---
jupytext:
  formats: md:myst
  text_representation:
    extension: .md
    format_name: myst
kernelspec:
  display_name: Python 3
  language: python
  name: python3
---

# Datasets

This page provides an overview of how **datasets are defined, structured, and handled** in the processing chain.
The goal is to ensure consistent, analysis-ready data products that can be accessed efficiently and extended over time.

## What is a Dataset?

A **dataset** is the main unit of storage and analysis.  A dataset:
* represents a **rectangular collection of variables with shared coordinates**
* is stored in [**Zarr format**](https://zarr.dev)
* corresponds to **one deployment** of an instrument or product

Datasets are designed so that they can be accessed directly for analysis via our intake catalog.

## Analysis-Ready Datasets

Our goal is to produce **analysis-ready datasets**.
These datasets should be usable for scientific analysis without additional preprocessing.

An analysis-ready dataset should:
* represent the **whole observation period**
* follow [**CF conventions**](https://cfconventions.org/) where possible
* include appropriate **metadata and units**

## Dataset Organization

Datasets follow a hierarchical naming scheme that reflects their observational context.

The hierarchy is:

    platform.campaign.instrument

or, if no campaign is relevant:

    platform.instrument

The instrument name should include configuration (`_c1`) and version (`_v1`) information.

Examples:

    BCO.surfacemet_wxt_v1
    BCO.lidar_CORAL_LR_t_c1_v1
    METEOR.EUREC4A.lidar_LICHT_LR_t_v1

Naming rules:

* `.` separates **hierarchical levels**
* `_` is used **within names**

Datasets can be accessed through the intake catalog, for example:

```{code-cell} ipython3
import intake


cat = intake.open_catalog("https://tcodata.mpimet.mpg.de/catalog.yaml")
cat.BCO.surfacemet_wxt_v1.to_dask()
```

## Coordinate Conventions

Datasets follow **CF conventions** for coordinate naming where possible.

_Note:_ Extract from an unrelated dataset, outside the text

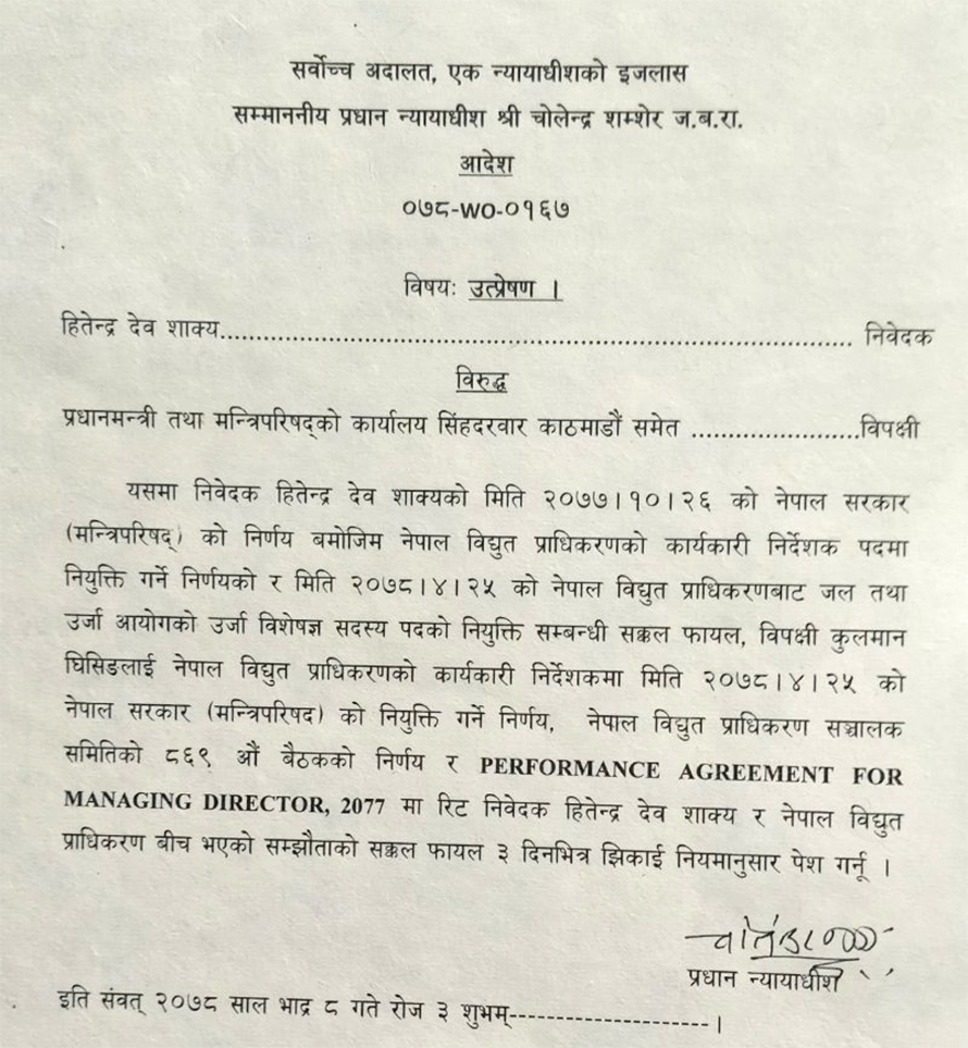 प्रधानन्यायाधीश चोलेन्द्रशमशेर जबराको एकल इजलासले कुलमान घिसिङको नियुक्तिसम्बन्धी निर्णय झिकाउन आदेश दिएको हो । इजलासले २०७७ पुस २६ गते हितेन्द्र देव शाक्यलाई प्राधिकरणको कार्यकारी निर्देशकमा गरेको नियुक्ति, शाक्यलाई जल तथा ऊर्जा आयोगको ऊर्जा विशेषज्ञमा गरिएको नियुक्ति र विद्युत प्राधिकरण सञ्चालक समितिले शाक्यसँग गरेको कार्यसम्पादन सम्झौता र २०७८ साउन २५ गते प्राधिकरणको कार्यकारी निर्देशकमा भएको कुलमानको नियुक्तिको सक्कल निर्णय ३ दिनभित्र मगाउन आदेश दिएको हो ।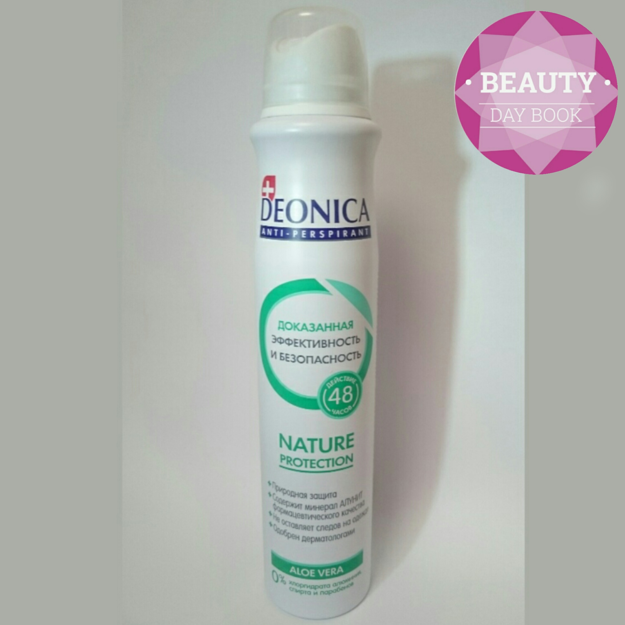 Сегодня мы хотим поделиться опытом применения антиперспиранта Deonica Nature Protection c Aloe Vera. Средство изготовлено в виде аэрозольного баллончика объемом 200мл, которого хватает надолго, так как расход очень умеренный. Использование методом распыления очень удобно.Утреннего применения достаточно на целый день. На средстве указано "действие 48 часов", но это нереально. Мы не встречали ни одного средства с двухсуточным действием по факту. Да и не надо - вечерний душ никто не отменял. Зато с этим средством гарантировано отсутствие пота и запаха в течении всего дня. Уникальность этого продукта в природном минерале Алунит фармацевтического качества, который не закупоривает потовые железы и не впитывается, а значит, не накапливается организмом. И наоборот, в отсутствии спирта, парабенов, а главное, хлоргидрата алюминия, который может вызвать раздражение и даже аллергию. А гипоаллергенность минерала Алунит гарантирована природой и одобрением дерматологов, что указано на упаковке.Рецептура средства разработана аж в самой Швейцарии при том, что данный антиперспирант не является дорогим. Средство не оставляет следов на одежде и имеет приятный легкий аромат, не перебивающий основного парфюма. Оно действительно работает и, к тому же, безопасно.

Primary coordinates include:

Coordinate | Meaning
--- | ---
`time`| UTC timestamp
`alt` | altitude above the geoid (meters)
`range` | line-of-sight distance from instrument (meters)
`lat` | latitude (`degrees_north`)
`lon` | longitude (`degrees_east`)

Primary coordinates must:
* be **strictly monotonic**
* contain **no missing values**

When sensor and data coordinates differ, **sensor coordinates** are provided using the prefix `sensor_`, e.g., `sensor_alt`.

## Incrementally Growing Datasets

Datasets are stored as **Zarr archives** and are **extended continuously** as new data becomes available.
Rather than rewriting datasets, new data is **appended as additional chunks**.
This enables efficient cloud-based storage and scalable analysis.
The processing chaing orchestrated by an Airflow server.